By 2012 the writing was already on the wall. This was already well into the first PaaS era with Heroku, Engine Yard, etc. Github was bootstrapped, and using git was a grassroots movement. It was just better than what most people had been using. I never looked back after first switching from SVN to git in 2009.

VCs didn't make git successful, developers did.


Sure, but 2010 to 2012 might as well be two different eras in the context of VCS adoption. Things changed very quickly.

In any case,that doesn't really matter considering that git had big players adopting before GitHub got any sizeable investment. And I'm not just talking about Linux. Rails migrated towards it when GitHub was still in beta.


Sourceforge isn't GitHub. What's the relevance?

If you think SF+CVS is equivalent to GitHub+Git then you never used SF+CVS. Git won because of GitHub, specifically, not because generically it could be hosted on the Internet.


No, GitHub won because of git, lots of VC (later MS) money, and brilliant marketing that makes people think "Git won because of GitHub".
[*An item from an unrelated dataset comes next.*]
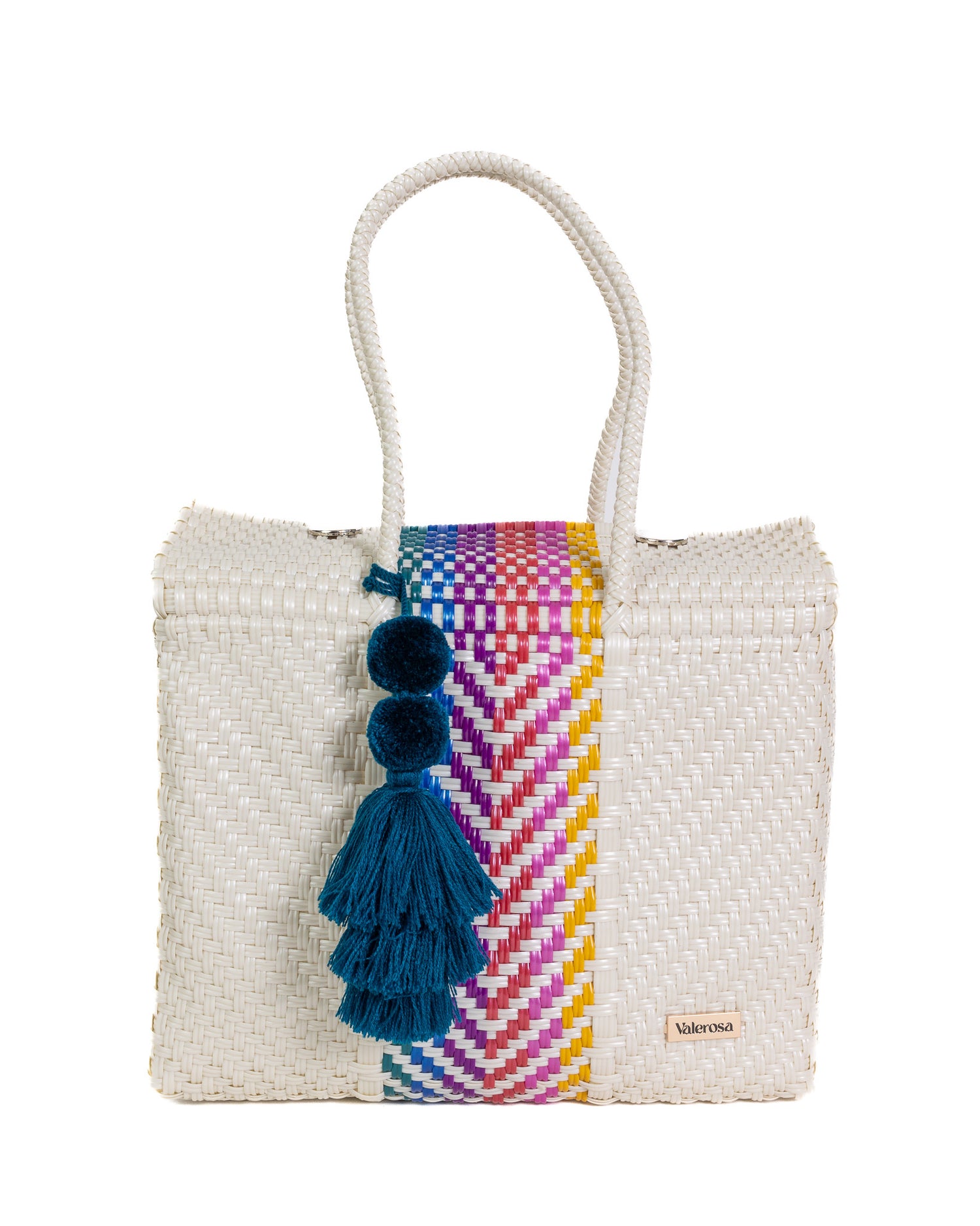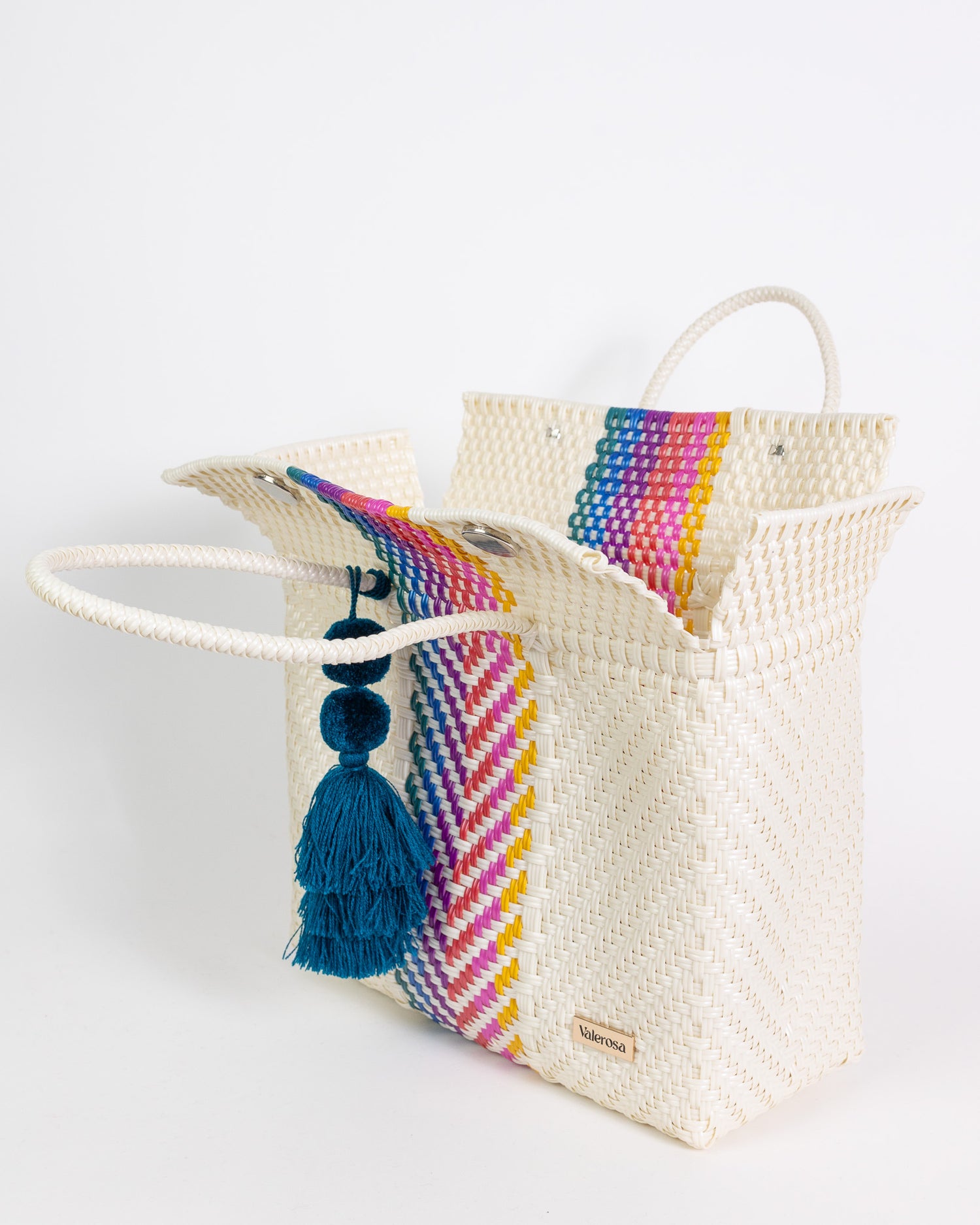 Our totes are colorful, hand-woven Mexican baskets that bring a bright authentic Mexican style to any occasion. Día means "day" in Spanish and this bag is perfect for daily use. The Día bag tote is enough for all your essentials (think lunchbox, laptops, file folders, etc.). Made with durable plastic that lasts a lifetime.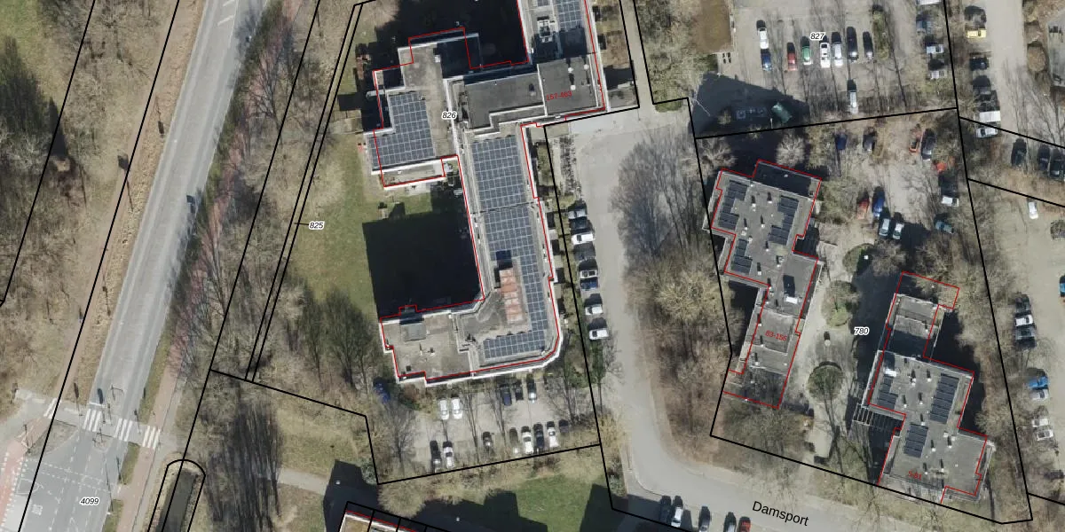 Het perceel waarop Damsport 299 staat heeft een oppervlakte van 5736 m². Dit is een zeer groot perceel. De perceeloppervlakte wordt geregistreerd door het Kadaster. Gedetailleerde informatie over de maten van dit perceel kunt u vinden in het rapport Kadastrale kaart met maatvoering van Damsport 299.

To be fair, by the time git came around, sourceforge had been enshitifying itself for 10 years or so. Git would be popular without github, github just makes things easier.


> Git would be popular without github,

Yep.

> github just makes things easier.

Which is the transition between steps 1 and 2 of Embrace, Extend, Extinguish. Though the last step is nowadays perhaps unnecessary, depending on how you look at it: Having co-opted FOSS software like git, what you need to extinguish is not that itself, just any other way to use it than your own. The main example of step 2 was of course "Pull Requests".


yeah, git is just the right layer of indirection to support everyone's weird take on how the workflow should go, so you can just use it however you want.


> I definitely think GitHub had a lot to do with it.

And I definitely think you're wrong. GitHub has managed to get itself conflated with git, and has benefitting hugely from this confusion.